§ WHAT IS BEING ASKED: Your copy should match the listing word for word, apart from the pictures, which are left out.

§ EXERCISE DATA:
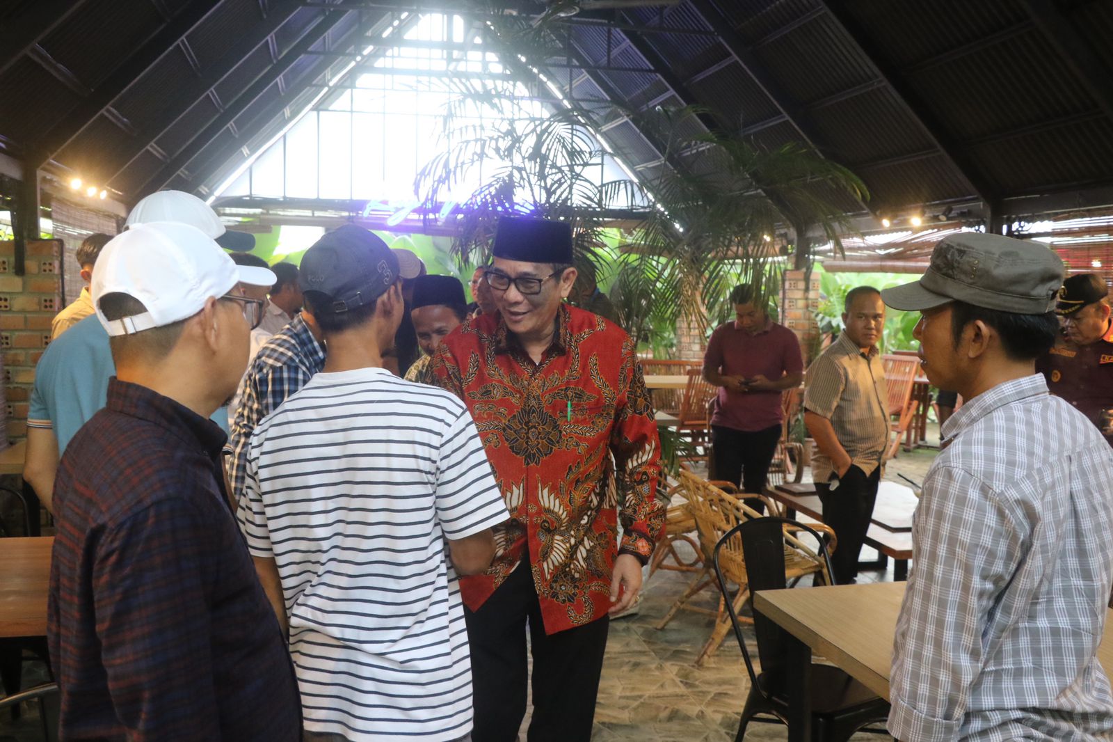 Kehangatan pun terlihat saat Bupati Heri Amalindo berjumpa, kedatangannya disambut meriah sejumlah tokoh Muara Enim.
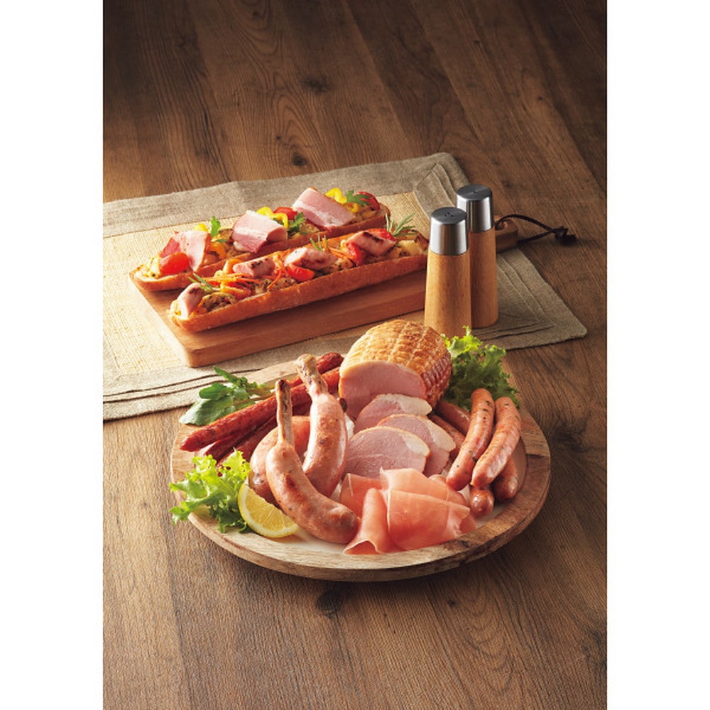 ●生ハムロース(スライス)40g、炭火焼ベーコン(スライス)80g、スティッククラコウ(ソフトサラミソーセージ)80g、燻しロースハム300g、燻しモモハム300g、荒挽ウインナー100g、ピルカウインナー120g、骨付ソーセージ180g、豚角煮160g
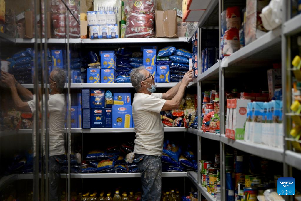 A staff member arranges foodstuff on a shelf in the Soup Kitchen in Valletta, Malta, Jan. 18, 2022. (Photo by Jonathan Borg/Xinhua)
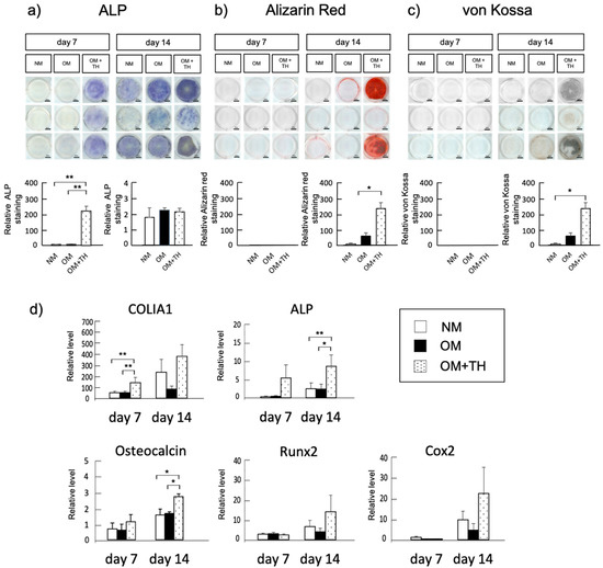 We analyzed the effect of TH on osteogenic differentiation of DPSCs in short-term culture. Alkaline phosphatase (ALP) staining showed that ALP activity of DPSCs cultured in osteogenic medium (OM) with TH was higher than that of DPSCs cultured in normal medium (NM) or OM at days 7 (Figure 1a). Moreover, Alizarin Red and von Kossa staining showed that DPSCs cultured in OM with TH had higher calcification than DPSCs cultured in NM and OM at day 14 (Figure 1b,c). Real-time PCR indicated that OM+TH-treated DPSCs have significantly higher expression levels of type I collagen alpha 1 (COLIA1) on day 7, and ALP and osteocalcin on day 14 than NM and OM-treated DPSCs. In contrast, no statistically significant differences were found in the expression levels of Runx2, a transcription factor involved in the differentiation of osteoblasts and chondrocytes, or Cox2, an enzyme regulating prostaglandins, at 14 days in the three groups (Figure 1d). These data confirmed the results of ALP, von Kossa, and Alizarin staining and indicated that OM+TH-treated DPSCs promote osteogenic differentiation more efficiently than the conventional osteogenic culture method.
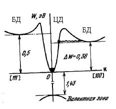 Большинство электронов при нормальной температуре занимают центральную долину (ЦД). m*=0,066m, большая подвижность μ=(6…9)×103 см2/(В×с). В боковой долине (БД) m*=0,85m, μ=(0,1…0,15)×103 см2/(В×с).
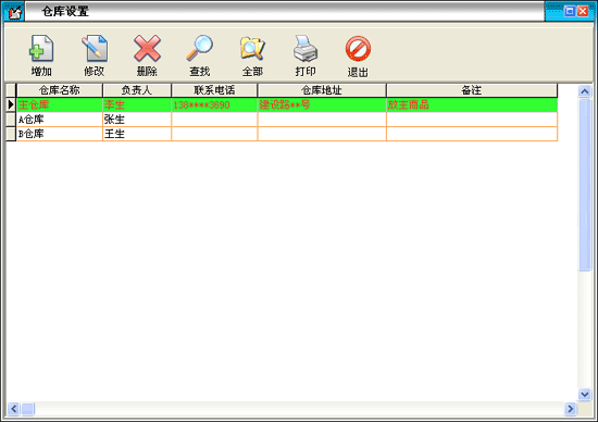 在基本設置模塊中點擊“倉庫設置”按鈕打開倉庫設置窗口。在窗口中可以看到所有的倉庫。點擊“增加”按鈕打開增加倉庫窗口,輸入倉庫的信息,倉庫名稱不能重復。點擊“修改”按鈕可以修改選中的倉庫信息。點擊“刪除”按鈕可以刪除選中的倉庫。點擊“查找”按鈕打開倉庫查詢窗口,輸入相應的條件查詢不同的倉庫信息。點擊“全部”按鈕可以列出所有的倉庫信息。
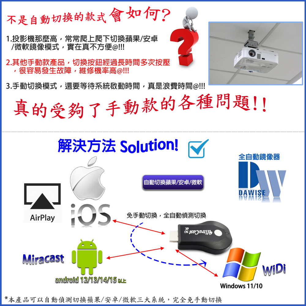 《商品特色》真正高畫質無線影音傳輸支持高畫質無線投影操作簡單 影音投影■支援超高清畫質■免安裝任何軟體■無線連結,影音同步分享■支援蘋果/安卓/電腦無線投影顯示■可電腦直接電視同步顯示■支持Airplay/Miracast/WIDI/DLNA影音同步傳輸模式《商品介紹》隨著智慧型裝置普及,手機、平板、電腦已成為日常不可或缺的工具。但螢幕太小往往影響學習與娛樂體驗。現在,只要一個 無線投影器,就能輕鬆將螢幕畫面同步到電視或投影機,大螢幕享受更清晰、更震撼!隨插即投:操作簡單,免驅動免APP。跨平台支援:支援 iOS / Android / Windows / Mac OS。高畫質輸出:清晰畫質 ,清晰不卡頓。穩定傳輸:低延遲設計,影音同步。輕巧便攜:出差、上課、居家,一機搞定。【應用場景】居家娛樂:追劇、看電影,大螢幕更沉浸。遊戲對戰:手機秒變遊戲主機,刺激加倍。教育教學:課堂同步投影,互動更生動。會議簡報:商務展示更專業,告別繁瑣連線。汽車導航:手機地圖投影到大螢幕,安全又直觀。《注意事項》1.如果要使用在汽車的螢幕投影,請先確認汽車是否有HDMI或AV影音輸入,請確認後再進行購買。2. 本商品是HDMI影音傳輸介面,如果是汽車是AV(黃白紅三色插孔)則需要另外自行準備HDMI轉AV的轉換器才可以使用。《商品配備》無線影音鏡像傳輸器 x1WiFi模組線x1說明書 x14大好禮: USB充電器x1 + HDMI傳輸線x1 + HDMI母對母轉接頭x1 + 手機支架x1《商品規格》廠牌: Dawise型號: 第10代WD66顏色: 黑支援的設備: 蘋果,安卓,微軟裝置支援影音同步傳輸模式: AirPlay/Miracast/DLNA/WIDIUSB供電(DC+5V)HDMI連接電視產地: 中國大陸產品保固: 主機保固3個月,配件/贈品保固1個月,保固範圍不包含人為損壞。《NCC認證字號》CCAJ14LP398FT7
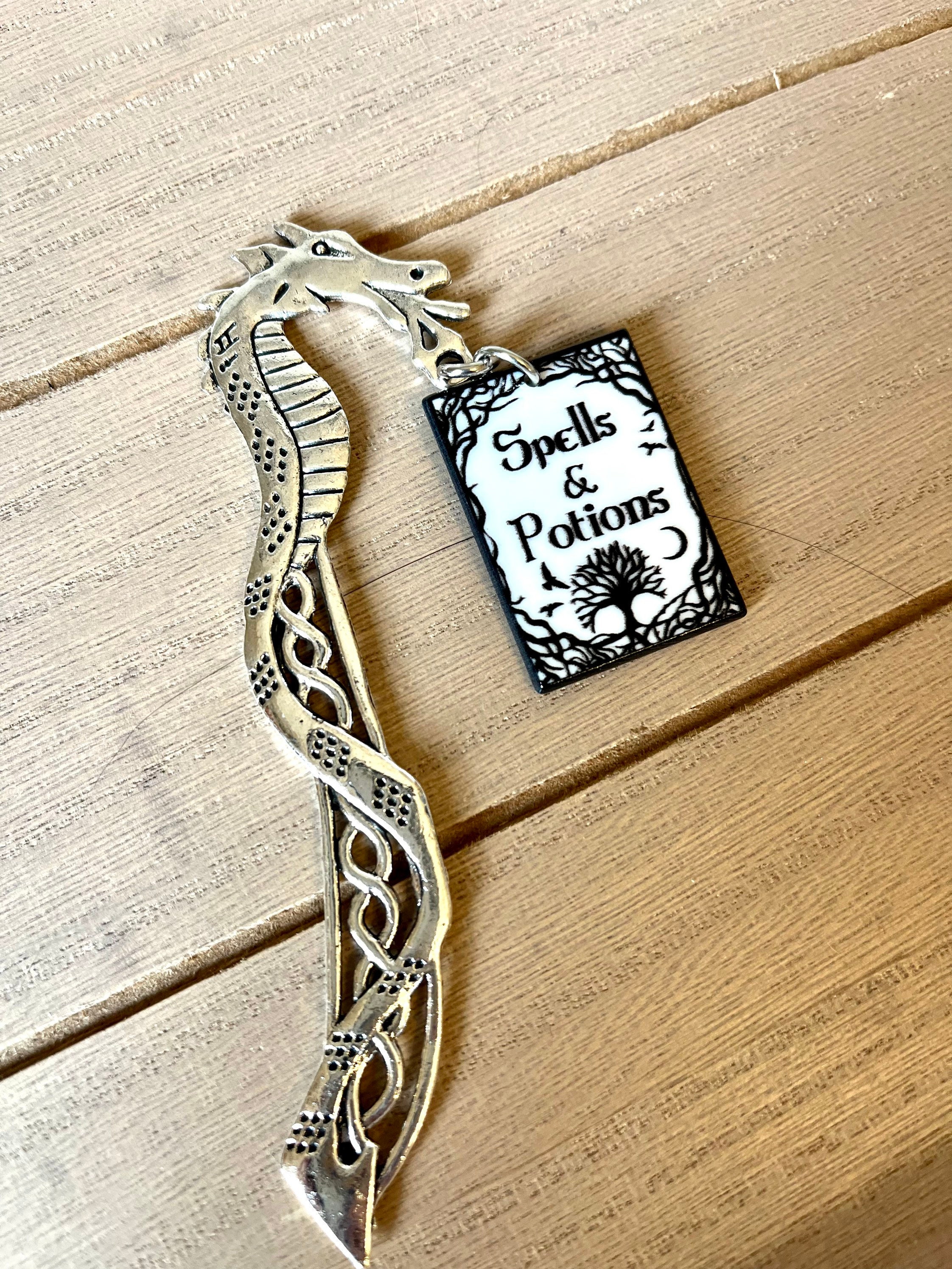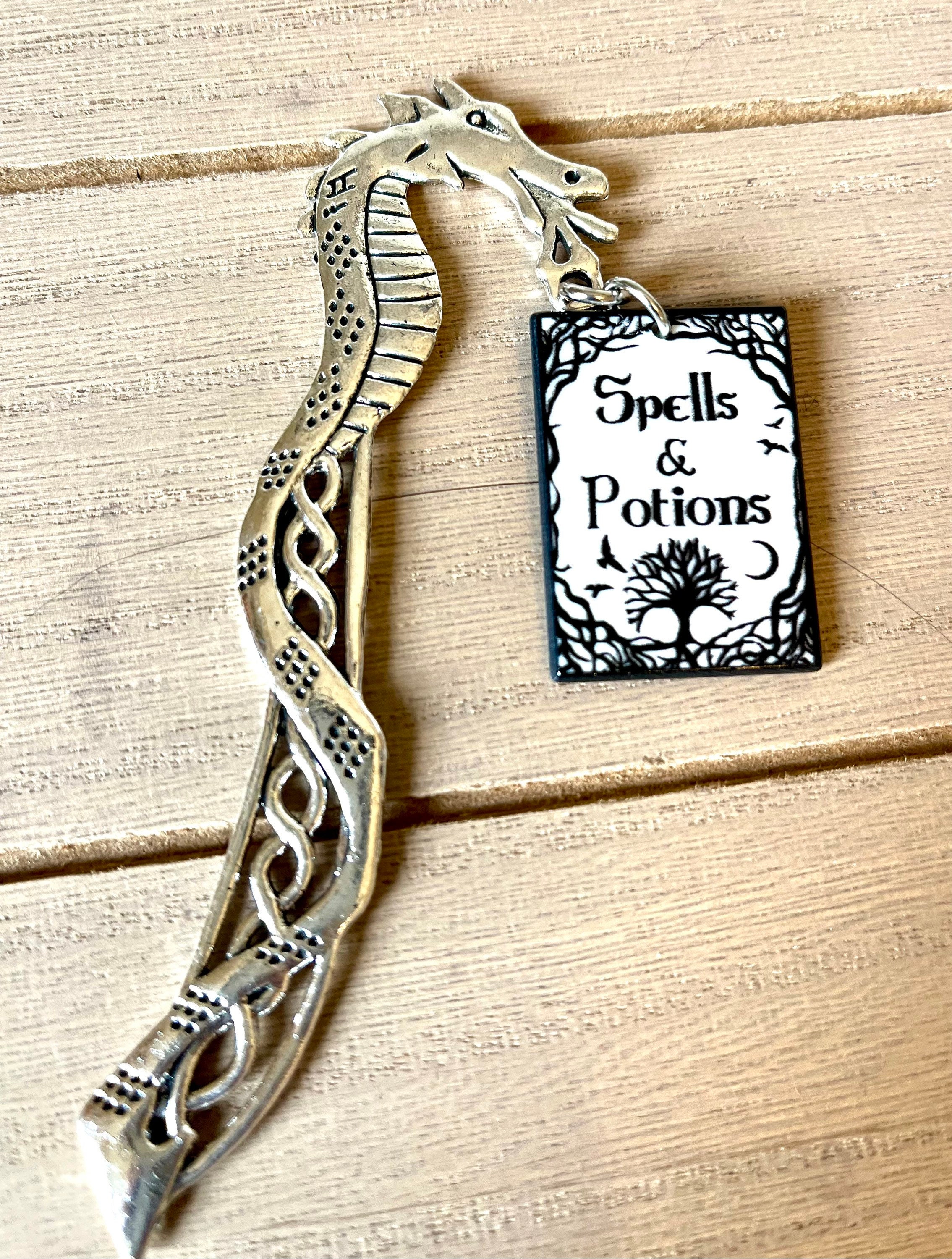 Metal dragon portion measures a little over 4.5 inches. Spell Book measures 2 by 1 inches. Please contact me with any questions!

§ TASK OUTPUT:
 Kehangatan pun terlihat saat Bupati Heri Amalindo berjumpa, kedatangannya disambut meriah sejumlah tokoh Muara Enim.
 ●生ハムロース(スライス)40g、炭火焼ベーコン(スライス)80g、スティッククラコウ(ソフトサラミソーセージ)80g、燻しロースハム300g、燻しモモハム300g、荒挽ウインナー100g、ピルカウインナー120g、骨付ソーセージ180g、豚角煮160g
 A staff member arranges foodstuff on a shelf in the Soup Kitchen in Valletta, Malta, Jan. 18, 2022. (Photo by Jonathan Borg/Xinhua)
 We analyzed the effect of TH on osteogenic differentiation of DPSCs in short-term culture. Alkaline phosphatase (ALP) staining showed that ALP activity of DPSCs cultured in osteogenic medium (OM) with TH was higher than that of DPSCs cultured in normal medium (NM) or OM at days 7 (Figure 1a). Moreover, Alizarin Red and von Kossa staining showed that DPSCs cultured in OM with TH had higher calcification than DPSCs cultured in NM and OM at day 14 (Figure 1b,c). Real-time PCR indicated that OM+TH-treated DPSCs have significantly higher expression levels of type I collagen alpha 1 (COLIA1) on day 7, and ALP and osteocalcin on day 14 than NM and OM-treated DPSCs. In contrast, no statistically significant differences were found in the expression levels of Runx2, a transcription factor involved in the differentiation of osteoblasts and chondrocytes, or Cox2, an enzyme regulating prostaglandins, at 14 days in the three groups (Figure 1d). These data confirmed the results of ALP, von Kossa, and Alizarin staining and indicated that OM+TH-treated DPSCs promote osteogenic differentiation more efficiently than the conventional osteogenic culture method.
 Большинство электронов при нормальной температуре занимают центральную долину (ЦД). m*=0,066m, большая подвижность μ=(6…9)×103 см2/(В×с). В боковой долине (БД) m*=0,85m, μ=(0,1…0,15)×103 см2/(В×с).
 在基本設置模塊中點擊“倉庫設置”按鈕打開倉庫設置窗口。在窗口中可以看到所有的倉庫。點擊“增加”按鈕打開增加倉庫窗口,輸入倉庫的信息,倉庫名稱不能重復。點擊“修改”按鈕可以修改選中的倉庫信息。點擊“刪除”按鈕可以刪除選中的倉庫。點擊“查找”按鈕打開倉庫查詢窗口,輸入相應的條件查詢不同的倉庫信息。點擊“全部”按鈕可以列出所有的倉庫信息。
 《商品特色》真正高畫質無線影音傳輸支持高畫質無線投影操作簡單 影音投影■支援超高清畫質■免安裝任何軟體■無線連結,影音同步分享■支援蘋果/安卓/電腦無線投影顯示■可電腦直接電視同步顯示■支持Airplay/Miracast/WIDI/DLNA影音同步傳輸模式《商品介紹》隨著智慧型裝置普及,手機、平板、電腦已成為日常不可或缺的工具。但螢幕太小往往影響學習與娛樂體驗。現在,只要一個 無線投影器,就能輕鬆將螢幕畫面同步到電視或投影機,大螢幕享受更清晰、更震撼!隨插即投:操作簡單,免驅動免APP。跨平台支援:支援 iOS / Android / Windows / Mac OS。高畫質輸出:清晰畫質 ,清晰不卡頓。穩定傳輸:低延遲設計,影音同步。輕巧便攜:出差、上課、居家,一機搞定。【應用場景】居家娛樂:追劇、看電影,大螢幕更沉浸。遊戲對戰:手機秒變遊戲主機,刺激加倍。教育教學:課堂同步投影,互動更生動。會議簡報:商務展示更專業,告別繁瑣連線。汽車導航:手機地圖投影到大螢幕,安全又直觀。《注意事項》1.如果要使用在汽車的螢幕投影,請先確認汽車是否有HDMI或AV影音輸入,請確認後再進行購買。2. 本商品是HDMI影音傳輸介面,如果是汽車是AV(黃白紅三色插孔)則需要另外自行準備HDMI轉AV的轉換器才可以使用。《商品配備》無線影音鏡像傳輸器 x1WiFi模組線x1說明書 x14大好禮: USB充電器x1 + HDMI傳輸線x1 + HDMI母對母轉接頭x1 + 手機支架x1《商品規格》廠牌: Dawise型號: 第10代WD66顏色: 黑支援的設備: 蘋果,安卓,微軟裝置支援影音同步傳輸模式: AirPlay/Miracast/DLNA/WIDIUSB供電(DC+5V)HDMI連接電視產地: 中國大陸產品保固: 主機保固3個月,配件/贈品保固1個月,保固範圍不包含人為損壞。《NCC認證字號》CCAJ14LP398FT7
 Metal dragon portion measures a little over 4.5 inches. Spell Book measures 2 by 1 inches. Please contact me with any questions!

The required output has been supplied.